Let's check that the scripts are stored in the project:

In [8]:
proj

and that a script can be executed!

In [9]:
proj.print_info()

samples contained in the project are: ['A350', 'B350', 'P350']


Now, we save the project... but as we want to keep the original data intacts, we will save only the scripts and keep all data unchanged.

In [10]:
proj.save(overwrite_data=False)

Let's now reload the project in a new object, and check that this is the original data for the dataset

In [11]:
proj = Project.load('HIZECOKE')
proj.plotIR()

<IPython.core.display.Javascript object>

We get the original spectra as expected. 

But now we can use the `preprocess` script which is stored in the project, to apply all change that were recorded.

In [12]:
proj.preprocess()
proj.plotIR()

<IPython.core.display.Javascript object>

## Masking bad data

### Set a mask on a range of columns
Clearly some of the spectra above displayed have problem with noise, or some experiment artifacts. 
Although we could be tempted to simply remove the data, another way, it to mask these bad data. 

For instance, we may want to mask all data ranging between 2300 and 2700. Let's do that:

In [13]:
for p in proj.projects:   
    p.IR[:, 2300.:2700.]=masked

proj.plotIR()

<IPython.core.display.Javascript object>

### Remove a mask

To remove the mask, we cannot make it selectively.
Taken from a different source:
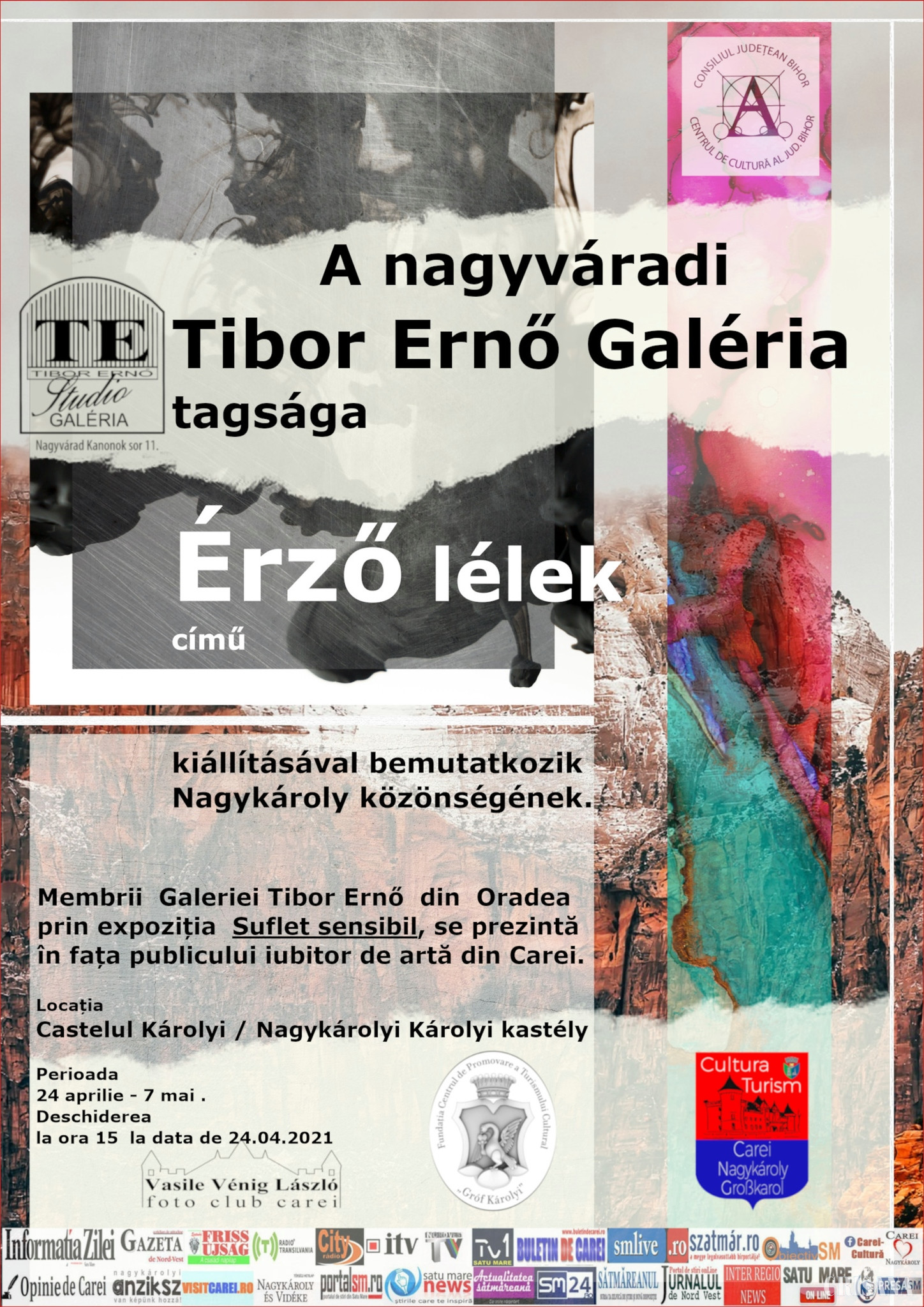 Centrul de Cultură al Județului Bihor, împreună cu Galeria ,,Tibor Ernő” și Castelul Károlyi din Carei, organizează mâine, 24 aprilie, de la ora 15.00, în incinta castelului Károlyi din Carei, vernisajul expoziției de pictură „Suflet sensibil”. Evenimentul reunește pictura, poezia și muzica sub semnătura talentatului instrumentist Thurzó Sándor József și a poetului Fórián Andrea.

All mask must be removed at the same time:

In [14]:
for p in proj.projects:   
    p.IR.remove_masks()

proj.plotIR()

<IPython.core.display.Javascript object>

### Masking bad data for rows

It appears that the data to remove correspond to some row but it is difficult to find which one in the plot above. So it may be interesting to work on transposed data (we use the operator `.T`).
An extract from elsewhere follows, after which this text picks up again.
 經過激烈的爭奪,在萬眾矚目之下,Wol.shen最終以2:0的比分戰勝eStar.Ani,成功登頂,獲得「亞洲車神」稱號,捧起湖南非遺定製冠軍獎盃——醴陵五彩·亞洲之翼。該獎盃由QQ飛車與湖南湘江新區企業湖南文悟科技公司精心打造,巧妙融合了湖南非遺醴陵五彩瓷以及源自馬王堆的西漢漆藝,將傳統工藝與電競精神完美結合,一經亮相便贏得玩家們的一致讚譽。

First, let's make a script for plotting the transposed data

In [15]:
%%addscript -p proj -o plotIR_T

datasets_T =[]
labels = []

for p in reversed(proj.projects):   # we put the parent first this way
    datasets_T.append(p.IR.T)
    labels.append(p.label) 
    
_ = multiplot_stack(sources=datasets_T, labels=labels, 
                nrow=1, ncol=3, sharex=False, sharez=True, 
                figsize=(6.8,3), dpi=100, style='sans')
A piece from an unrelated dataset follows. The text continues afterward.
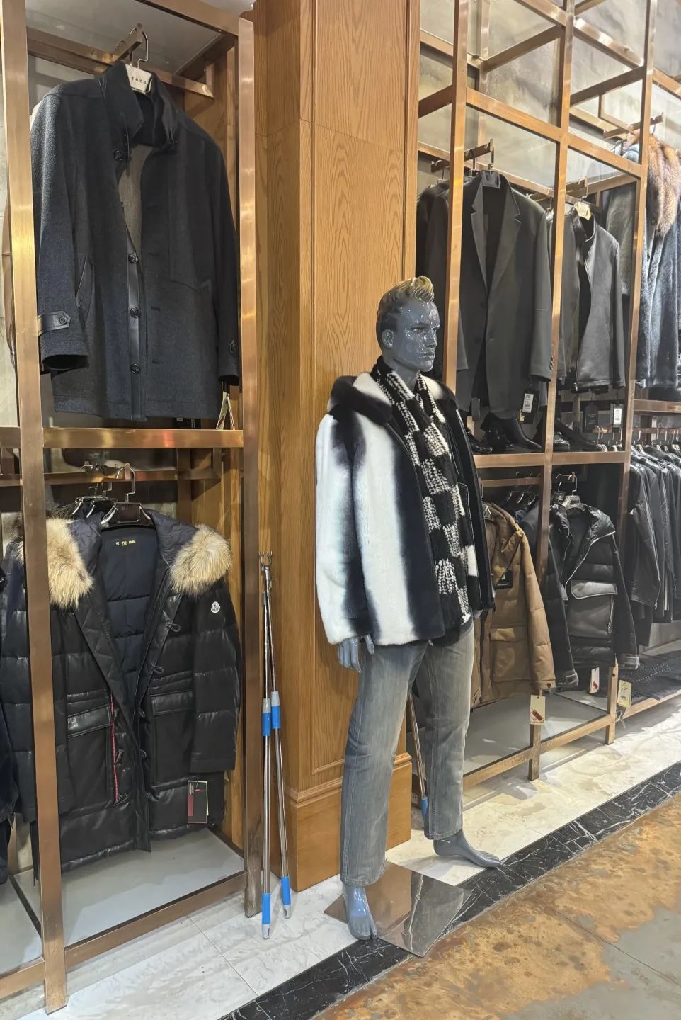 沿着解放公园路往中山大道上走,看到橱窗处站着几位穿着皮衣的模特后,就能找到「雪奴皮衣私人定制馆」了。

'Script plotIR_T created.'

In [16]:
proj.plotIR_T()

<IPython.core.display.Javascript object>

Now mask some of the rows, that are clearly not correct

In [17]:
proj.P350.IR[14.4:24.]=masked
proj.A350.IR[24.17:24.36]=masked

proj.plotIR_T()
proj.plotIR()

<IPython.core.display.Javascript object>

<IPython.core.display.Javascript object>

## Make our final preprocessing script

OK, the data are now clean. Let's update our `preprocess` script with a summary of all actions, so that we can apply this next time.

In [18]:
%%addscript -p proj -o preprocess

# slicing
for p in proj.projects:
    p.IR[:, 3990.:1300., INPLACE]   # we slice the data inplace 
    p.IR = p.IR - p.IR[:,3990.]     # we remove the offset 

# mask some rows
proj.P350.IR[14.4:24.]=masked        
proj.A350.IR[24.17:24.36]=masked
 

'Script preprocess created.'

Save these scripts

In [19]:
proj.save(overwrite_data=False)